Cider and wine should go hand in hand, to elevate the mental and physical systems of the American people.
-Mr. Carl Benson | New York Times | January 16, 1864
So I was doing research for this blog post, and came across this gem in the New York Times Digital Print Archive. Needless to say, since no one has written about cider vs wine in the last 155 years, I thought it might be useful to update the topic with some new information.
Just kidding, people have been writing about cider vs wine plenty in the internet age, but it certainly is an interesting topic, one worth exploring a little deeper here.
Let’s start here at the beginning. Simply put, Cider is “an alcoholic beverage made from the fermented juice of apples.” Meanwhile, wine is “an alcoholic beverage made from the fermented juice of grapes.”
Okay, so we all knew that. But, what is the difference between an alcoholic beverage made of apples, and an alcoholic beverage made of grapes?
One big factor is sugar content. The way any alcoholic beverage is made starts with sugar (and yeast). When sugar and yeast (natural sugars and wild yeast when it comes to natural wine) combine, you get a process called fermentation. Yeast is a living thing, and it effectively eats the sugars, breaking them down and thus, alcohol is created!
Now that we know how alcohol is created, let’s get back to apples and grapes. Apples inherently have less sugar than grapes, averaging around 10g when compared to 16g for grapes. There's a lot of variation in this, as the actual sugar content will vary by fruit variety, harvest time (late-harvest wines are usually much sweeter), and more. More sugar = more alcohol, which is why you'll usually find higher alcohol content in wine vs cider.

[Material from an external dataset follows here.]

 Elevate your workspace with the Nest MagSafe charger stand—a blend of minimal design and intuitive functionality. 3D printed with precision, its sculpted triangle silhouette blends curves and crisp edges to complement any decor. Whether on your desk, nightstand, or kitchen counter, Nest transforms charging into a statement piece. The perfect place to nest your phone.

One thing that I've always found fascinating about cider is the sheer variety of styles in which you can make cider. For pure cider lovers, you have your "standard" style of cider, made with just apples and canned. For craft beer lovers, you have dry-hopped cider. For wine lovers, you've got lees aged ciders produced via the ancestral method.
Hops themselves are worth another post entirely. You have dozens, if not hundreds of different types of hops grown all over the world providing different flavor profiles - fruit-forward notes, bitterness, and much more.
Dry hopping cider is pretty similar to hopping beer and gives it a similar texture, profile, and taste to a beer. After fermentation, you typically add the hops, give it a few more weeks, and voila! That hoppy taste you love is now infused in your cider. Some of our favorite hopped ciders can be found at Far From the Tree in Salem, MA!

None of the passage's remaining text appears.